Quent
We've been through so much together. You are my best friend. You were my first love. Sappy but true.
I spent a lot of time with you during some of the most formative years of my life and you had an enormous effect on who I am now. You shaped my politics and ideals in ways that will always guide my decisions. If I hadn't known you I might not have become a leftist. If I hadn't been moved toward progressive and radical politics, I might never have been drawn to the Texas Civil Rights Project. If I hadn't interned there, I might have never gone to law school. And of course in law school, with my politics and your influence, I joined the National Lawyers Guild. And here I am in San Francisco, working for the National Lawyers Guild. You are a part of my life. Like a brother, or maybe more like a sister since we share so much.
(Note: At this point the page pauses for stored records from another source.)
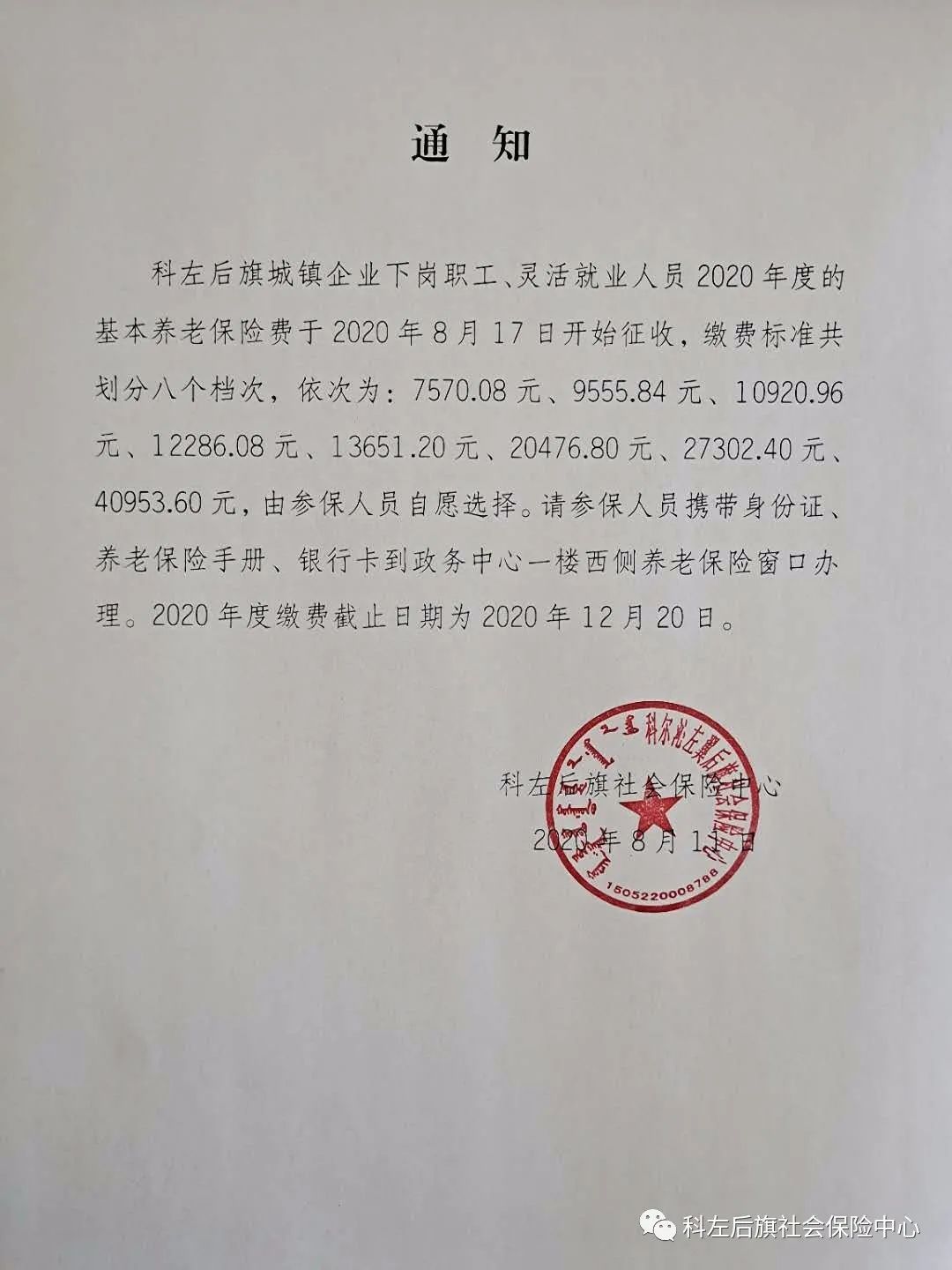 2020年養老保險繳費檔次已公布,8月17日開始征收!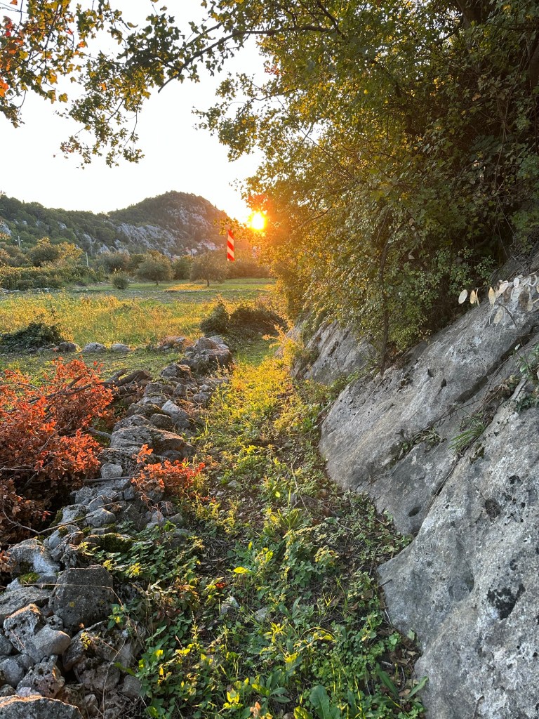 Tečemo skozi stara zapuščena naselja po dolini, ki sedaj izgledajo kot muzej na prostem. Za tem se vzpenjamo iz ceste na vrh prevala. Ob poti zagledam čudovit šopek Timijana. Vse polno ga je. Odtrgam si par vejic, jih zavijem v ovratno ruto in pospravim. Šlo bo v mešanico za domači čaj. Ko se pot zopet prevesi navzdol, se odpre dolina na koncu katere je ravna cesta, na koncu ceste pa se ponuja pogled na morje. In v daljavi vidim nekoga, ki teče. Točno tja gremo!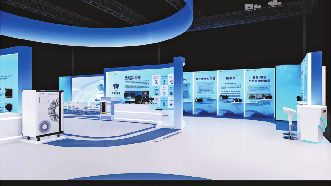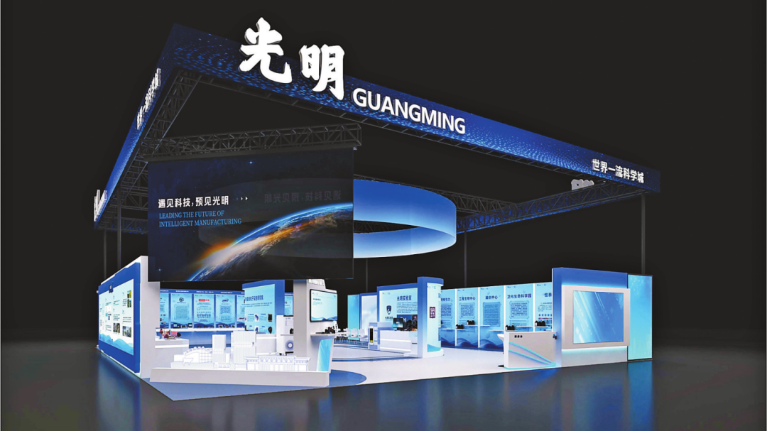 本届高交会光明区科技展团位于15号馆A090,展馆面积270平方米,展位以“遇见光明高新科技,预见光明不可估量的未来”为创意思路设计造型,寓意光明区将以光明科学城的发展建设为根基,聚焦前沿高新技术研发和科技成果产业转化,以世界一流科学城为建设目标不断积蓄动力,实现科技引领、创新驱动、预见未来的美好愿景。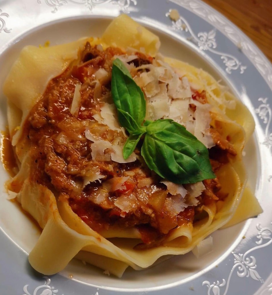 Nudeln nach Packungsangaben al dente kochen. Nudeln auf einem Teller mit dem Ragù anrichten. Etwas Zitronenabrieb und Parmesan darüber geben.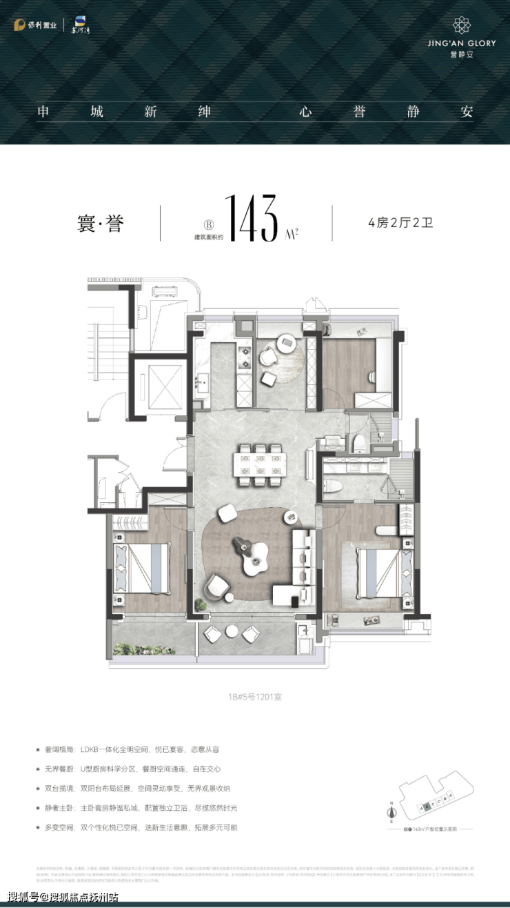誉静安此次首推的96套建面约143㎡四房产品,精准切中了改善家庭“一步到位”的核心需求。

You were my first long term relationship, and my last until I met Johnny. For four years we were together (off and on). Remember Boston, Mexico, West Texas, New Mexico? Remember Gary Graham? Remember asthma and the early morning trip to the emergency room? Remember the lunch you would make me with carrots and cottage cheese? Remember the hours spent at Little City with our laptops? Remember walking across the UT campus holding hands and kissing outside of my microbiology class? Remember the first time you really got drunk and started telling people on the street about the next protest? Remember the time in Houston with your dad and Jake the dog? How about riding mountain bikes in Ruidoso or jogging around town lake? The hundreds of nights we slept in the same bed and held each other?
My hand is below the water still grasping yours but I can feel you slipping away now.